Disorientated pilots thought plane was upside down before fatal crash
TWO Air Corps pilots became so disorientated that they may have thought they were flying upside down before a fatal crash.
A report into the deaths of Captain Derek Furniss (32) and Cadet David Jevens (22) in October 2009 found their aircraft took a "rapid series of steep turns" as it flew through a narrow valley before crashing into a Co Galway bog.
A report from the Air Accident Investigation Unit found that the probable cause of the crash was "spatial disorientation", which may have resulted in the pilots believing their aircraft was upside down and was plummeting to the ground when in fact it was ascending or flying level.
The investigation found that very changeable weather conditions and flying at high speed in a mountainous area while visibility was reduced were contributory factors.
Capt Furniss was from Rathfarnham in Dublin and had written about disorientation while still a cadet. Cadet Jevens, from Davidstown Glynn in Co Wexford, was due to qualify as a pilot just months after the fatal crash.
The pair had set off at 4.20pm on October 12 for a training flight from Casement aerodrome in west Dublin to Galway Airport, via Cavan and Connemara.

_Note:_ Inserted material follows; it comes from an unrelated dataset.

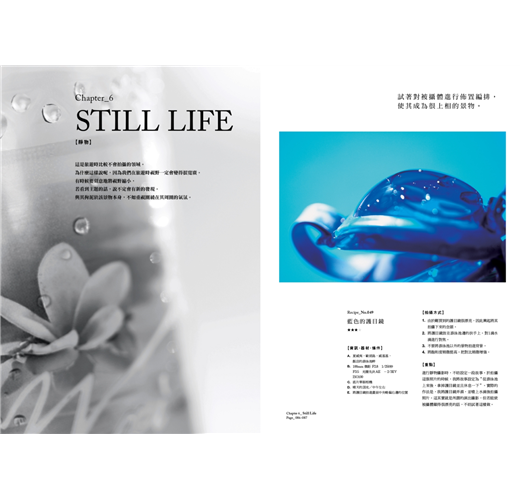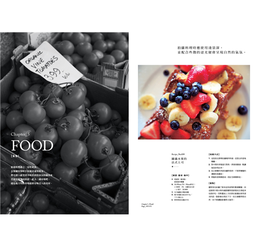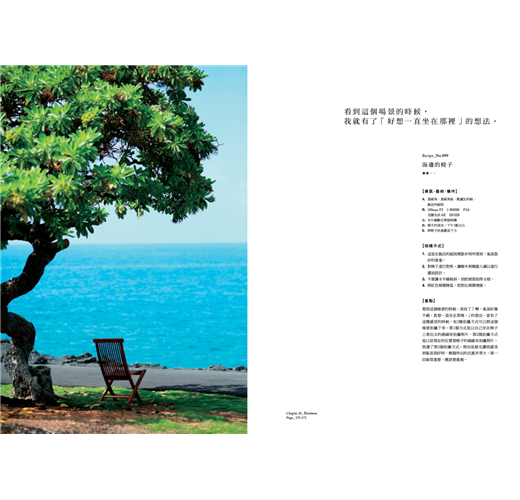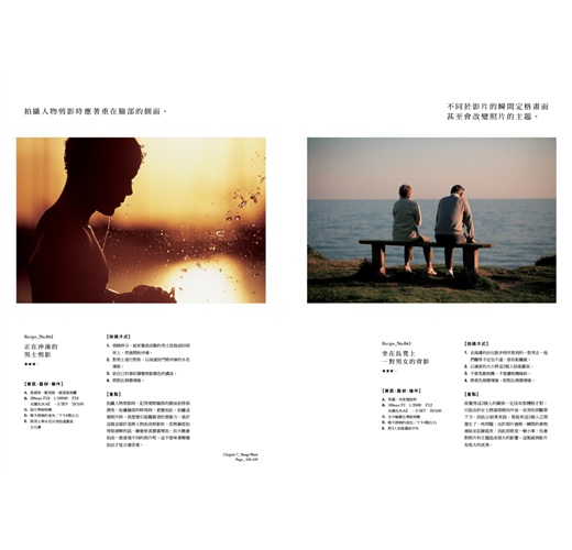 以輕鬆、無壓力的狀態,在宛若食譜書那般的精美版面編排下,跟著野寺老師一同瀏覽100幅美不勝收的攝影作品,學習100個簡單易懂的拍攝絕活,同時間,也讓自己的心,飛到那100種不同的美好情境之中了。

They were flying a Pilatus PC-9M training aircraft.
But bad weather near Lough Mask on the Galway/Mayo border resulted in the aircraft taking an alternative route to Maum in Co Galway, with the airplane keeping visual contact with the ground.
At 4.50pm, eyewitnesses saw the aircraft cross a ridge into the 'narrow and steep-sided' Crumlin Valley, before it began to undertake a rapid series of steep turns and climbs.
The cockpit voice recorder noted that alarms sounded to say the aircraft was flying too low, and Capt Furniss took control. Six seconds later he was recorded as saying: "Bad decision now". Seconds later the recording ended.
The men died after crashing into a hill at Crumlin East, near Cornamona on the Galway/ Mayo border. No technical faults were found with the aircraft, and the accident was "not survivable".
Cadet Jevens died the day before his 22nd birthday, leaving his parents having to face the "almost impossible reality" of not seeing their first-born child prosper, his father Donal said last night.
His brother Christopher and sister Sarah had "lost a lifetime" with their brother, and his girlfriend Niamh had lost a "future of hopes, dreams and joy."
"David should not be gone from us, he had his life to live, he had his dreams, aspirations and future to look forward to," Mr Jevens said.
He criticised the delay in the publication of the report.
Defence Forces Chief of Staff, Lieutenant General Sean McCann, extended his sympathies to the dead men's families.
"I have ensured that all recommendations in the report have been implemented or are being implemented," he added.
Cadet Jevens was considered "one of the better students" in his class, the report found, noting that Capt Furniss took control of the aircraft in Crumlin Valley, "and there is no evidence that the cadet had any further input into the operation of the aircraft".
It was "likely" that the instructor had been trying to maintain visual ground contact, and lost awareness of the circumstances around him.
"This incorrect perception can be so compelling that it may lead to a situation where a pilot no longer trusts or follows his flight instruments," it added.
"He (Capt Furniss) was one of the most experienced pilots and was held in high esteem. This may have generated a level of self-belief that there were few conditions that he could not recover the aircraft from."
Capt Furniss's family was not available for comment.
- Captain Derek Furniss (32) joined the Defence Forces in October 1994, qualifying as a pilot in 1996 and becoming a qualified flight instructor in 1999.
He had over 2,500 flight hours and was the Chief Flight Instructor on the Pilatus aircraft and a member of the Air Corps PC-9 Display Team. Originally from Ballinteer in Dublin, he was not married but was living with his partner in Dublin. He had been off-duty the weekend before the accident, and had run his first 10km cross-country race the day before.
- Cadet David Jevens died the day before his 22nd birthday, after joining the Defence Forces as an Air Corps Cadet in 2006.
He was at the advanced stages of flight training on the PC-9M, and had over 190 flight hours.
From Wexford, Cadet Jevens was considered one of the best in his class. One instructor said he was "well above average standard", had good awareness and displayed a "high degree of competency".